» **DATA FOR ANALYSIS**:
◇ ◇ ◇ ◇ ◇
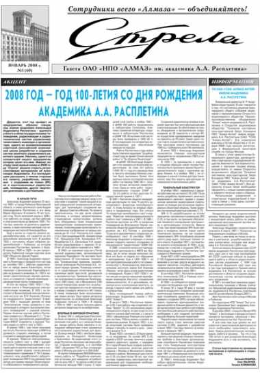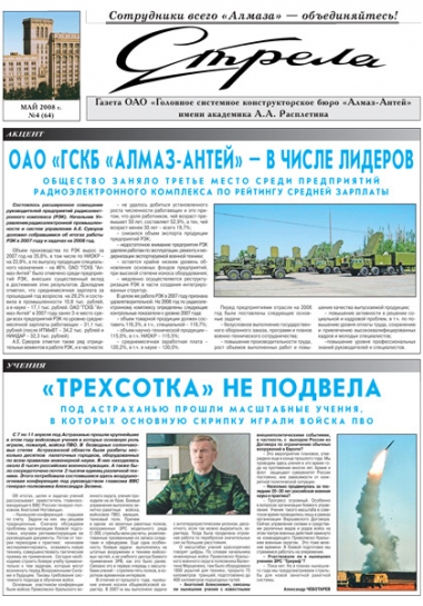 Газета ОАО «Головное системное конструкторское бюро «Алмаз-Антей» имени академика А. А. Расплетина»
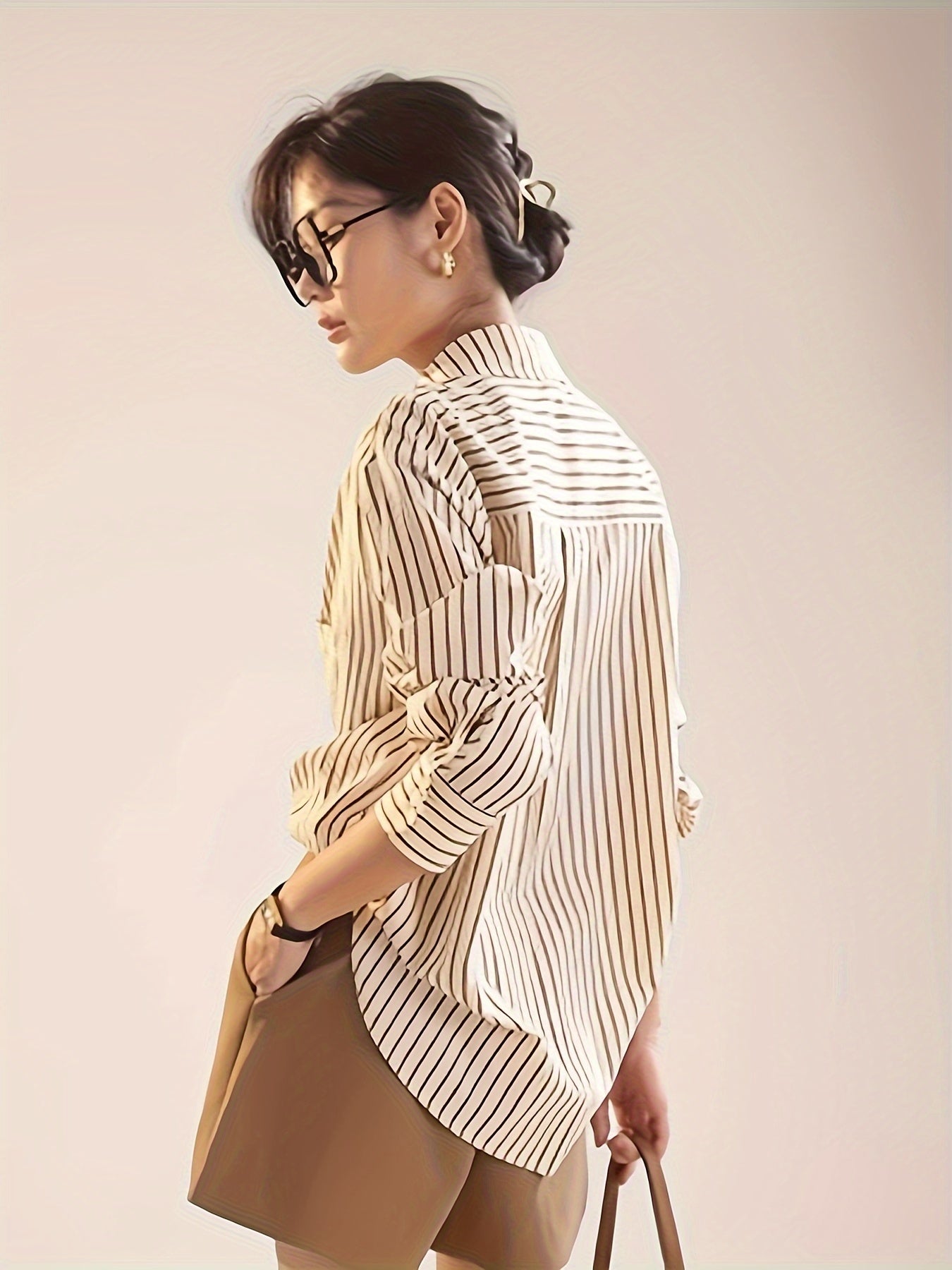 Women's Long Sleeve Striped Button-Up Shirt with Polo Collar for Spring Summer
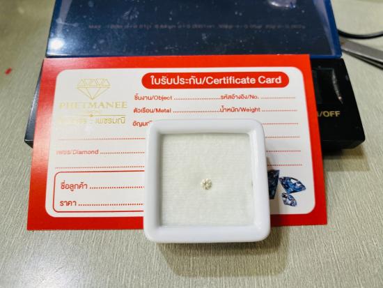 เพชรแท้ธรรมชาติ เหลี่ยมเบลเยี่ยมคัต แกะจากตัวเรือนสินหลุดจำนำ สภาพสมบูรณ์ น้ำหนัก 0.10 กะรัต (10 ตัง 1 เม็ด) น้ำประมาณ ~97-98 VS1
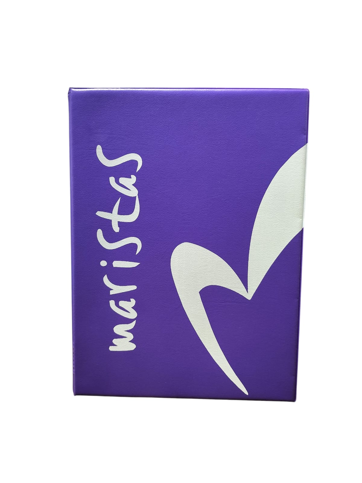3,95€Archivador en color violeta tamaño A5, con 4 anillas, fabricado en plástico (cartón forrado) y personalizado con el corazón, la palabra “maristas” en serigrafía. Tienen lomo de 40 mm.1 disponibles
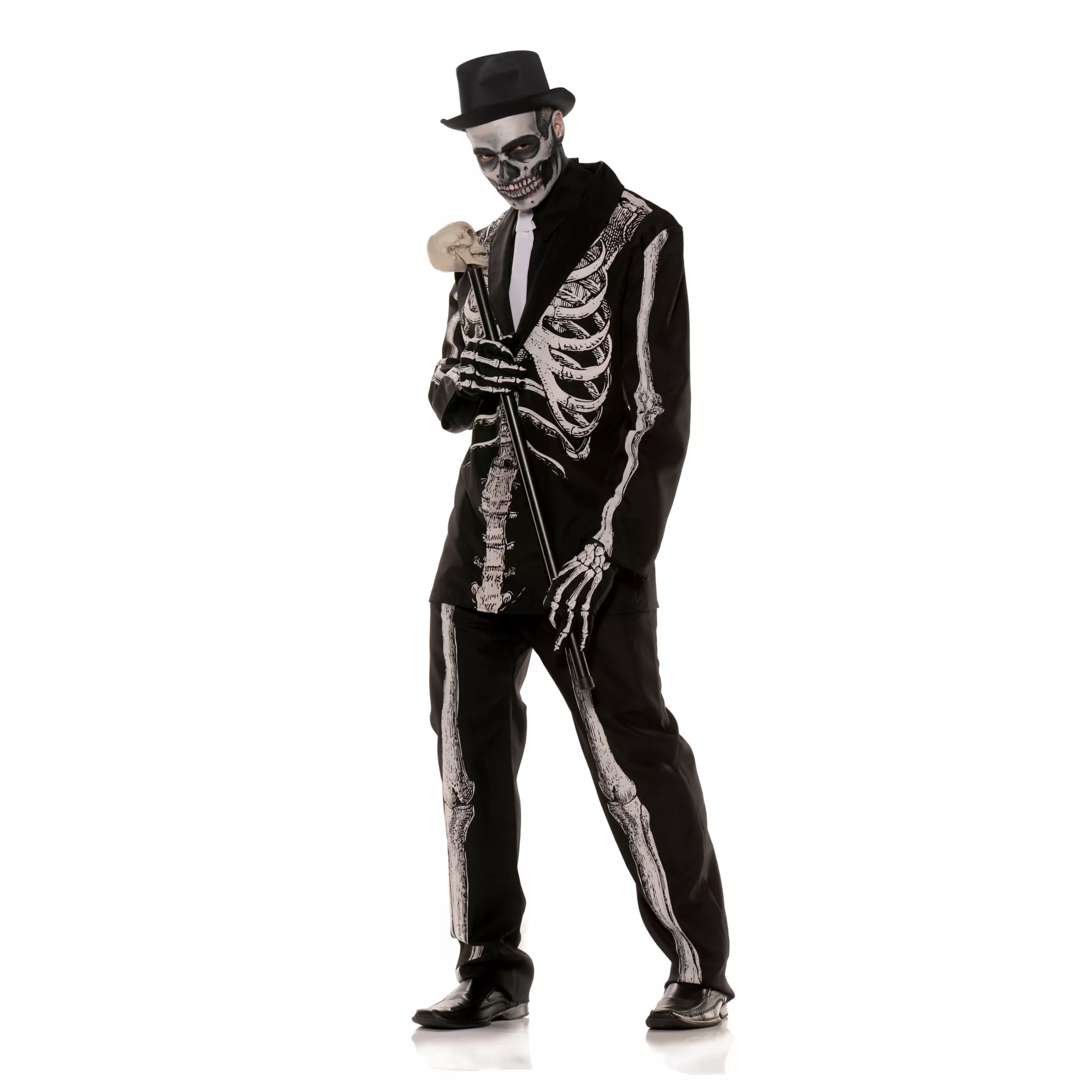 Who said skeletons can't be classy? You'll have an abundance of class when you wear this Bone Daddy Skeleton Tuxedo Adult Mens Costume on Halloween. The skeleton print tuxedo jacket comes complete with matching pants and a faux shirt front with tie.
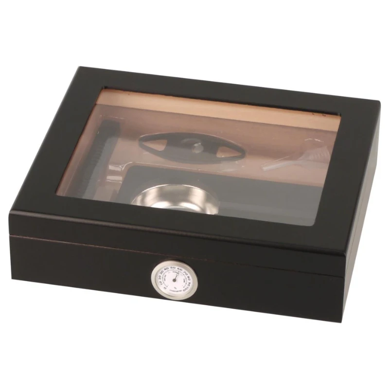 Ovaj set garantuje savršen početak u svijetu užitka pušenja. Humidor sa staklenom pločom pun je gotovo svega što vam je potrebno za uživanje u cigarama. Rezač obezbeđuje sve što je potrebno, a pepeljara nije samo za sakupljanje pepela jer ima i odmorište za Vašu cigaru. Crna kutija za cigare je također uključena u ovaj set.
◇ ◇ ◇ ◇ ◇
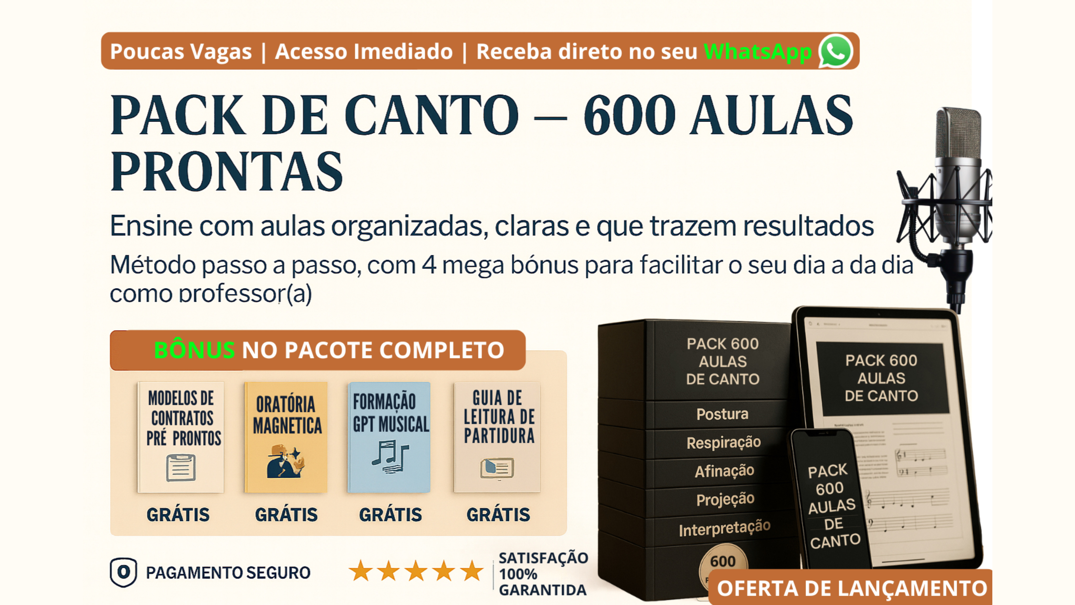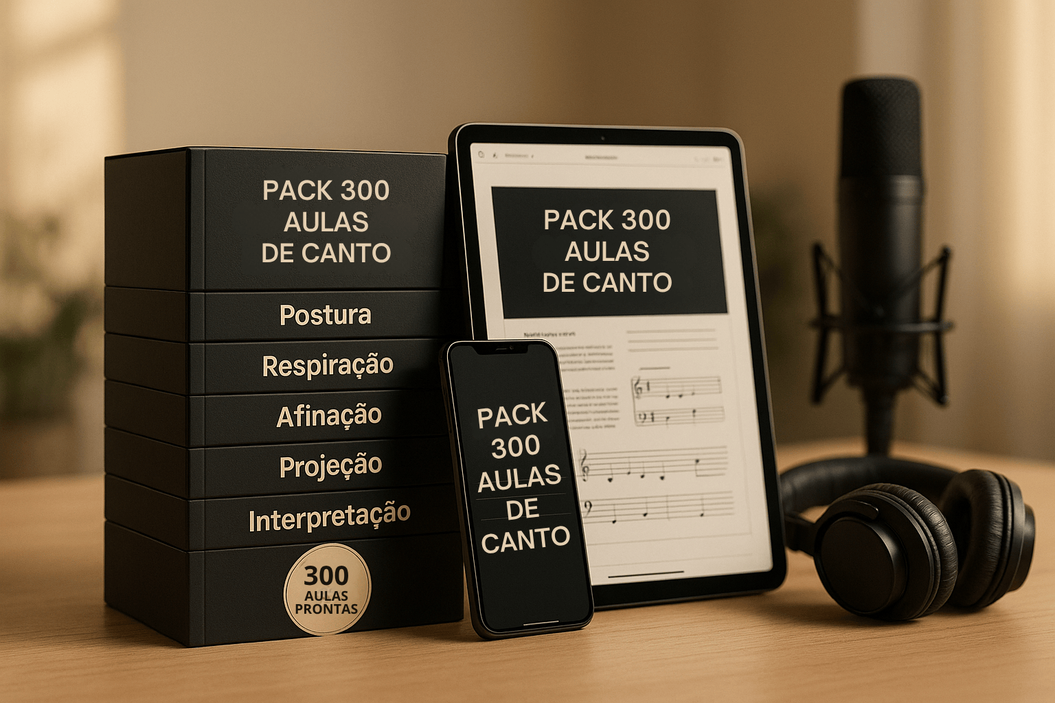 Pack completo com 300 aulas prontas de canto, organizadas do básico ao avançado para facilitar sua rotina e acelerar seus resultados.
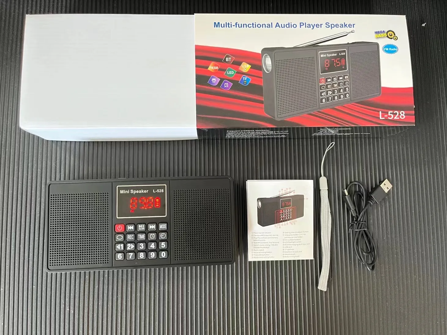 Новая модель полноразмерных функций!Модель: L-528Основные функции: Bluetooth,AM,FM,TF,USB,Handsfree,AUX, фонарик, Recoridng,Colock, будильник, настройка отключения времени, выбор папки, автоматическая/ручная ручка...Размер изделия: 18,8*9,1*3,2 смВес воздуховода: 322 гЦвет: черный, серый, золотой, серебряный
◇ ◇ ◇ ◇ ◇
» **THE TASK**:
Reproduce the entries exactly, from the line with "системное конструкторское бюро" to the line with "Ovaj set garantuje", both lines included, keeping no pictures.

» **ANSWER SECTION**:
 Газета ОАО «Головное системное конструкторское бюро «Алмаз-Антей» имени академика А. А. Расплетина»
 Women's Long Sleeve Striped Button-Up Shirt with Polo Collar for Spring Summer
 เพชรแท้ธรรมชาติ เหลี่ยมเบลเยี่ยมคัต แกะจากตัวเรือนสินหลุดจำนำ สภาพสมบูรณ์ น้ำหนัก 0.10 กะรัต (10 ตัง 1 เม็ด) น้ำประมาณ ~97-98 VS1
3,95€Archivador en color violeta tamaño A5, con 4 anillas, fabricado en plástico (cartón forrado) y personalizado con el corazón, la palabra “maristas” en serigrafía. Tienen lomo de 40 mm.1 disponibles
 Who said skeletons can't be classy? You'll have an abundance of class when you wear this Bone Daddy Skeleton Tuxedo Adult Mens Costume on Halloween. The skeleton print tuxedo jacket comes complete with matching pants and a faux shirt front with tie.
 Ovaj set garantuje savršen početak u svijetu užitka pušenja. Humidor sa staklenom pločom pun je gotovo svega što vam je potrebno za uživanje u cigarama. Rezač obezbeđuje sve što je potrebno, a pepeljara nije samo za sakupljanje pepela jer ima i odmorište za Vašu cigaru. Crna kutija za cigare je također uključena u ovaj set.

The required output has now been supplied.